### DIRECTIONS
Transcribe every line below exactly; no image goes into the output.

### Items listed in a dataset
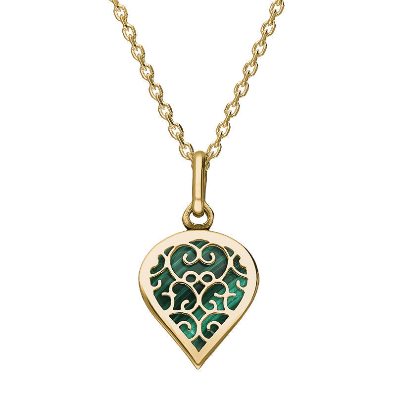 9ct Yellow Gold Malachite Flore Filigree Small Heart Necklace. P3629.
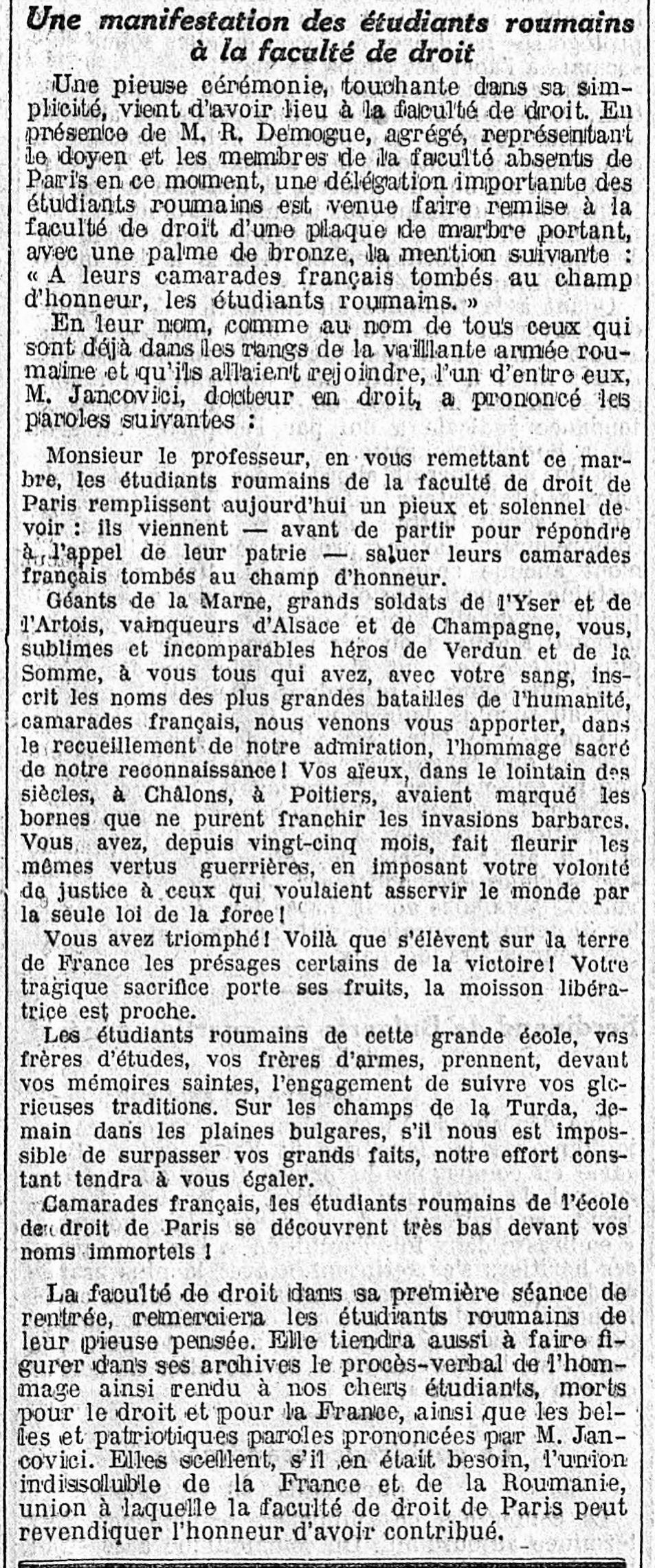 Source: gallica.bnf.fr / Bibliothèque nationale de France.Romania entered the war on the side of the Entente on August 27, 1916 and decreed the general mobilization. The Romanian students of the Paris Faculty of Law were thus called to return to their country to be sent to the front. On September 11, 1916, before their departure, they wanted to present a marble plaque to honor the memory of their French comrades who had died in battle. The article in Le Temps reports the speech given by Jancovici, a doctor of law, at this ceremony.
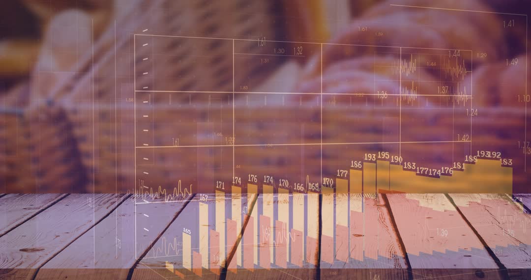 - Overlaying Sales Data Visualization with Rising Bar Chart over Rustic Bakery Tabletop
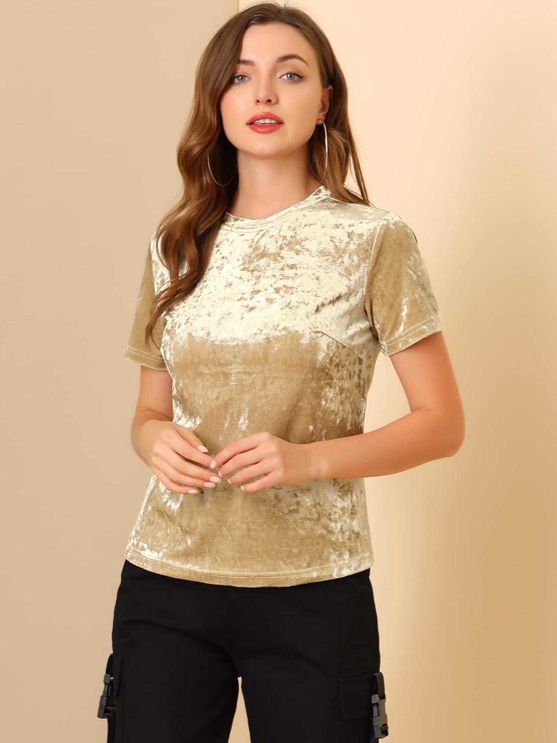 imageAllegra K Womens Christmas Velvet Top Crew Neck Short Sleeve Casual TShirtLight Beige
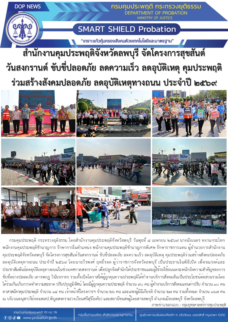 สำนักงานคุมประพฤติจังหวัดลพบุรี จัดโครงการสุขสันต์ วันสงกรานต์ ขับขี่ปลอดภัย ลดความเร็ว ลดอุบัติเหตุ คุมประพฤติร่วมสร้างสังคมปลอดภัย ลดอุบัติเหตุทางถนน ประจำปี ๒๕๖๙
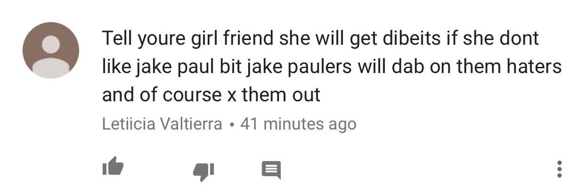 didn't know u could get ...dibeits.... from not liking jake paul. my life is truly turned around and i see the light now. thank you letiicia
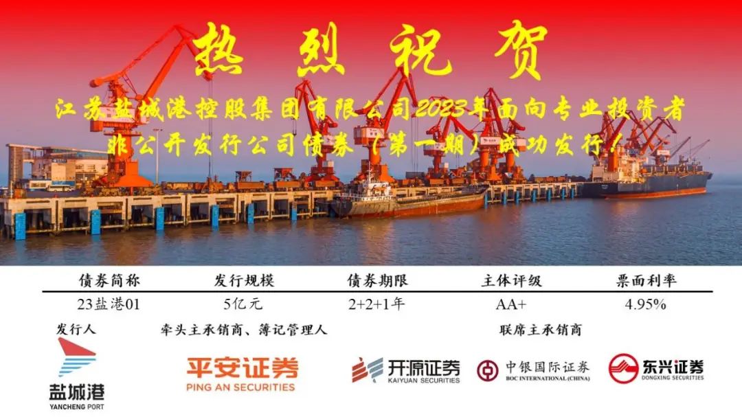 2月23日,鹽城港集團(tuán)2023年度第一期私募公司債成功發(fā)行,金額5億元,發(fā)行利率4.95%。本期私募公司債為集團(tuán)本部私募產(chǎn)品首次公開(kāi)市場(chǎng)亮相,進(jìn)一步提振了金融機(jī)構(gòu)對(duì)鹽城港集團(tuán)發(fā)展的信心,鞏固了集團(tuán)在資本市場(chǎng)的口碑與信譽(yù)。
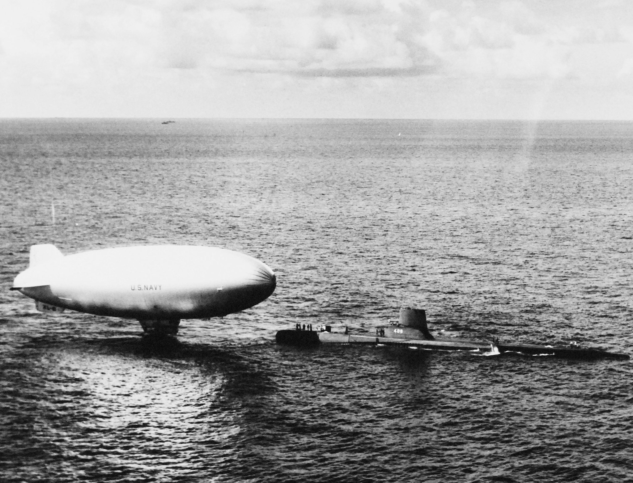 R. 1952 SS-406 Sea Poacher odtáhla 40Nm od pobřeží zneschopněnou vzducholoď K-86 na Key West. Zde foto po úspěšné záchraně:
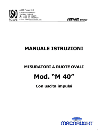 ASCO Pompe S.r.l. I-20089 Rozzano (MI) Via Silvio Pellico, 6 . ++39 02 89257.1 Fax ++39 02 89257201 E-mail: [email protected] CONTROL Division MANUALE ISTRUZIONI MISURATORI A RUOTE OVALI Mod. “M 40” Con uscita impulsi 1 ALL’ACQUIRENTE….. Grazie per aver acquistato un contatore MACNAUGHT a ruote ovali serie M. Per cortesia impieghi alcuni minuti del suo tempo per leggere questo manuale d’istruzioni prima di installare e utilizzare il contatore. Per qualsiasi problema, fare riferimento ai paragrafi “Manutenzione” e “ Ricerca guasti”. Per ulteriori informazioni, contattare ASCO Pompe Control Divison (tel. 02 89257.1). GENERALITA’ I contatori MACNAUGHT serie M utilizzano il principio di misura delle ruote ovali. Le caratteristiche principali di questo sistema sono l’affidabilità e l’accuratezza delle misure eseguite; i contatori serie M mantengono una buona precisione ed un’ottima ripetibilità anche con campi di portata e viscosità molto variabili. Le basse perdite di carico e la resistenza alle alte pressioni di linea consentono di utilizzare questi contatori sia nei processi con pressioni di linea molto basse, sia nei processi con pressioni di linea molto alte. I contatori serie M sono disponibili in molteplici versioni con materiali differenti: corpo in acciaio inox o in alluminio, rotori in PPS/Ryton o in acciaio inox, alberi in acciaio inox o Hastelloy C, o-rings in EPDM, NBR, Viton o teflon. Il contatore modello M40 è disponibile nelle seguenti versioni: - Segnale in uscita ad impulsi - Display LCD tipo STD e segnale in uscita ad impulsi: lettura di portata istantanea, portata totalizzata azzerabile e portata totalizzata non azzerabile. Maggiori dettagli in questo manuale. - Display LCD tipo Deluxe a sicurezza intrinseca e segnale in uscita ad impulsi: lettura di portata istantanea, portata totalizzata azzerabile, portata totalizzata non azzerabile e quantità preimpostata da dosare. Maggiori dettagli nel manuale specifico. INFORMAZIONI IMPORTANTI ! Leggere attentamente queste informazioni prima dell’uso! Assicurarsi che l’ingresso e l’uscita della tubazione siano perfettamente allineati. Uno stress meccanico dovuto ad un non perfetto allineamento danneggerà il contatore. Assicurarsi di aver montato un filtro di dimensioni idonee (il contatore convoglia particelle di diametro massimo pari a 0.28 mm.). Il filtro consigliato è del tipo a Y o a cesto con dimensioni pari a 60 mesh (250 microns). Ricordarsi di installare il filtro il più possibile vicino al contatore e di eseguire una periodica ed accurata pulizia: la vita media del contatore dipende strettamente da queste operazioni. Controllare la compatibilità tra liquido misurato e materiali del contatore. Evitare picchi di pressione superiori alla pressione nominale riportata sulla targhetta del contatore. 2 Assicurarsi di aver pulito l’interno della tubazione ad impianto nuovo e dopo ogni intervento (es: dopo ogni saldatura). Riempire di liquido l’impianto prima dell’utilizzo evitando il passaggio di aria nel contatore. Il segnale ad impulsi tipo REED può causare errori di lettura se abbinato ad un totalizzatore ad alta velocità. Per evitare questo problema, inserire un circuito “antirimbalzo” per il segnale REED o utilizzare un impulso ad effetto Hall. La manutenzione del display LCD e del segnale ad impulsi può essere effettuata senza scollegare il contatore dalla linea; per la manutenzione di tutte le altri parti del contatore, bisogna ridurre la pressione dell’impianto e isolare il contatore dalla linea. Utilizzare solo personale qualificato e opportunamente istruito per le operazioni di installazione e per l’operatività quotidiana. Ricordarsi di spegnere la pompa alla fine di ogni giornata di lavoro. INSTALLAZIONE ! Leggere attentamente queste informazioni prima dell’uso! 1. Macnaught consiglia di montare il contatore realizzando sempre un circuito di by-pass. In questo modo sarà possibile effettuare la manutenzione senza interrompere la produzione (vedere fig.1). 3 2. Sugli attacchi al processo filettati utilizzare sempre tenute di materiale adeguato. 3. Controllare che la massima pressione di lavoro del contatore (55 bar) sia superiore a quella massima di lavoro dell’impianto. 4. Installare appena prima del contatore un filtro a Y o a cesto con dimensione massima delle maglie di 250 microns (60 mesh). 5. Verificare che il fluido scorra nella direzione della freccia riportata sul contatore. 6. Il contatore può essere installato in qualsiasi posizione ma sempre con gli alberi in posizione orizzontale (come mostrato in fig. 2). Il registro può essere posizionato nella posizione di lettura più comoda per l’operatore, facendolo ruotare per passi successivi di 90° ciascuno. Per eseguire questa operazione bisogna svitare e avvitare le 4 viti posizionate sul frontale: fare sempre attenzione nell’inserimento delle guarnizioni nella parte inferiore del registro. Nota bene: una installazione non corretta può favorire una precoce usura dei singoli componenti 7. Collegamento tra misuratore e tubazioni: evitare un serraggio troppo energico. 8. Prima di utilizzare il contatore riempire lentamente l’impianto con liquido per evitare il funzionamento in presenza di aria che potrebbe danneggiare il misuratore. 9. Testare l’impianto prima dell’utilizzo per verificare eventuali perdite. 10. Controllare periodicamente il filtro per rimuovere eventuali particelle o solidi presenti all’interno. FUNZIONAMENTO Il fluido che passa nel contatore fa girare i due rotori; il magnete posizionato nei rotori trasmette la misura alla scheda elettronica PCB e quindi al totalizzatore LCD tipo STD o a uno strumento esterno. 4 COLLEGAMENTI ELETTRICI Collegamento del sensore REED ai morsetti della scheda PCB (fig.3) Collegamento del sensore effetto Hall ai morsetti della scheda PCB (fig.4) Tensione dell’effetto Hall: 4,5 … 24 Vcc Corrente minima prodotta: 4,6 mA Uscita NPN Open collec

### RESPONSE TO THE EXERCISE
 9ct Yellow Gold Malachite Flore Filigree Small Heart Necklace. P3629.
 Source: gallica.bnf.fr / Bibliothèque nationale de France.Romania entered the war on the side of the Entente on August 27, 1916 and decreed the general mobilization. The Romanian students of the Paris Faculty of Law were thus called to return to their country to be sent to the front. On September 11, 1916, before their departure, they wanted to present a marble plaque to honor the memory of their French comrades who had died in battle. The article in Le Temps reports the speech given by Jancovici, a doctor of law, at this ceremony.
 - Overlaying Sales Data Visualization with Rising Bar Chart over Rustic Bakery Tabletop
 imageAllegra K Womens Christmas Velvet Top Crew Neck Short Sleeve Casual TShirtLight Beige
 สำนักงานคุมประพฤติจังหวัดลพบุรี จัดโครงการสุขสันต์ วันสงกรานต์ ขับขี่ปลอดภัย ลดความเร็ว ลดอุบัติเหตุ คุมประพฤติร่วมสร้างสังคมปลอดภัย ลดอุบัติเหตุทางถนน ประจำปี ๒๕๖๙
 didn't know u could get ...dibeits.... from not liking jake paul. my life is truly turned around and i see the light now. thank you letiicia
 2月23日,鹽城港集團(tuán)2023年度第一期私募公司債成功發(fā)行,金額5億元,發(fā)行利率4.95%。本期私募公司債為集團(tuán)本部私募產(chǎn)品首次公開(kāi)市場(chǎng)亮相,進(jìn)一步提振了金融機(jī)構(gòu)對(duì)鹽城港集團(tuán)發(fā)展的信心,鞏固了集團(tuán)在資本市場(chǎng)的口碑與信譽(yù)。
 R. 1952 SS-406 Sea Poacher odtáhla 40Nm od pobřeží zneschopněnou vzducholoď K-86 na Key West. Zde foto po úspěšné záchraně:
 ASCO Pompe S.r.l. I-20089 Rozzano (MI) Via Silvio Pellico, 6 . ++39 02 89257.1 Fax ++39 02 89257201 E-mail: [email protected] CONTROL Division MANUALE ISTRUZIONI MISURATORI A RUOTE OVALI Mod. “M 40” Con uscita impulsi 1 ALL’ACQUIRENTE….. Grazie per aver acquistato un contatore MACNAUGHT a ruote ovali serie M. Per cortesia impieghi alcuni minuti del suo tempo per leggere questo manuale d’istruzioni prima di installare e utilizzare il contatore. Per qualsiasi problema, fare riferimento ai paragrafi “Manutenzione” e “ Ricerca guasti”. Per ulteriori informazioni, contattare ASCO Pompe Control Divison (tel. 02 89257.1). GENERALITA’ I contatori MACNAUGHT serie M utilizzano il principio di misura delle ruote ovali. Le caratteristiche principali di questo sistema sono l’affidabilità e l’accuratezza delle misure eseguite; i contatori serie M mantengono una buona precisione ed un’ottima ripetibilità anche con campi di portata e viscosità molto variabili. Le basse perdite di carico e la resistenza alle alte pressioni di linea consentono di utilizzare questi contatori sia nei processi con pressioni di linea molto basse, sia nei processi con pressioni di linea molto alte. I contatori serie M sono disponibili in molteplici versioni con materiali differenti: corpo in acciaio inox o in alluminio, rotori in PPS/Ryton o in acciaio inox, alberi in acciaio inox o Hastelloy C, o-rings in EPDM, NBR, Viton o teflon. Il contatore modello M40 è disponibile nelle seguenti versioni: - Segnale in uscita ad impulsi - Display LCD tipo STD e segnale in uscita ad impulsi: lettura di portata istantanea, portata totalizzata azzerabile e portata totalizzata non azzerabile. Maggiori dettagli in questo manuale. - Display LCD tipo Deluxe a sicurezza intrinseca e segnale in uscita ad impulsi: lettura di portata istantanea, portata totalizzata azzerabile, portata totalizzata non azzerabile e quantità preimpostata da dosare. Maggiori dettagli nel manuale specifico. INFORMAZIONI IMPORTANTI ! Leggere attentamente queste informazioni prima dell’uso! Assicurarsi che l’ingresso e l’uscita della tubazione siano perfettamente allineati. Uno stress meccanico dovuto ad un non perfetto allineamento danneggerà il contatore. Assicurarsi di aver montato un filtro di dimensioni idonee (il contatore convoglia particelle di diametro massimo pari a 0.28 mm.). Il filtro consigliato è del tipo a Y o a cesto con dimensioni pari a 60 mesh (250 microns). Ricordarsi di installare il filtro il più possibile vicino al contatore e di eseguire una periodica ed accurata pulizia: la vita media del contatore dipende strettamente da queste operazioni. Controllare la compatibilità tra liquido misurato e materiali del contatore. Evitare picchi di pressione superiori alla pressione nominale riportata sulla targhetta del contatore. 2 Assicurarsi di aver pulito l’interno della tubazione ad impianto nuovo e dopo ogni intervento (es: dopo ogni saldatura). Riempire di liquido l’impianto prima dell’utilizzo evitando il passaggio di aria nel contatore. Il segnale ad impulsi tipo REED può causare errori di lettura se abbinato ad un totalizzatore ad alta velocità. Per evitare questo problema, inserire un circuito “antirimbalzo” per il segnale REED o utilizzare un impulso ad effetto Hall. La manutenzione del display LCD e del segnale ad impulsi può essere effettuata senza scollegare il contatore dalla linea; per la manutenzione di tutte le altri parti del contatore, bisogna ridurre la pressione dell’impianto e isolare il contatore dalla linea. Utilizzare solo personale qualificato e opportunamente istruito per le operazioni di installazione e per l’operatività quotidiana. Ricordarsi di spegnere la pompa alla fine di ogni giornata di lavoro. INSTALLAZIONE ! Leggere attentamente queste informazioni prima dell’uso! 1. Macnaught consiglia di montare il contatore realizzando sempre un circuito di by-pass. In questo modo sarà possibile effettuare la manutenzione senza interrompere la produzione (vedere fig.1). 3 2. Sugli attacchi al processo filettati utilizzare sempre tenute di materiale adeguato. 3. Controllare che la massima pressione di lavoro del contatore (55 bar) sia superiore a quella massima di lavoro dell’impianto. 4. Installare appena prima del contatore un filtro a Y o a cesto con dimensione massima delle maglie di 250 microns (60 mesh). 5. Verificare che il fluido scorra nella direzione della freccia riportata sul contatore. 6. Il contatore può essere installato in qualsiasi posizione ma sempre con gli alberi in posizione orizzontale (come mostrato in fig. 2). Il registro può essere posizionato nella posizione di lettura più comoda per l’operatore, facendolo ruotare per passi successivi di 90° ciascuno. Per eseguire questa operazione bisogna svitare e avvitare le 4 viti posizionate sul frontale: fare sempre attenzione nell’inserimento delle guarnizioni nella parte inferiore del registro. Nota bene: una installazione non corretta può favorire una precoce usura dei singoli componenti 7. Collegamento tra misuratore e tubazioni: evitare un serraggio troppo energico. 8. Prima di utilizzare il contatore riempire lentamente l’impianto con liquido per evitare il funzionamento in presenza di aria che potrebbe danneggiare il misuratore. 9. Testare l’impianto prima dell’utilizzo per verificare eventuali perdite. 10. Controllare periodicamente il filtro per rimuovere eventuali particelle o solidi presenti all’interno. FUNZIONAMENTO Il fluido che passa nel contatore fa girare i due rotori; il magnete posizionato nei rotori trasmette la misura alla scheda elettronica PCB e quindi al totalizzatore LCD tipo STD o a uno strumento esterno. 4 COLLEGAMENTI ELETTRICI Collegamento del sensore REED ai morsetti della scheda PCB (fig.3) Collegamento del sensore effetto Hall ai morsetti della scheda PCB (fig.4) Tensione dell’effetto Hall: 4,5 … 24 Vcc Corrente minima prodotta: 4,6 mA Uscita NPN Open collec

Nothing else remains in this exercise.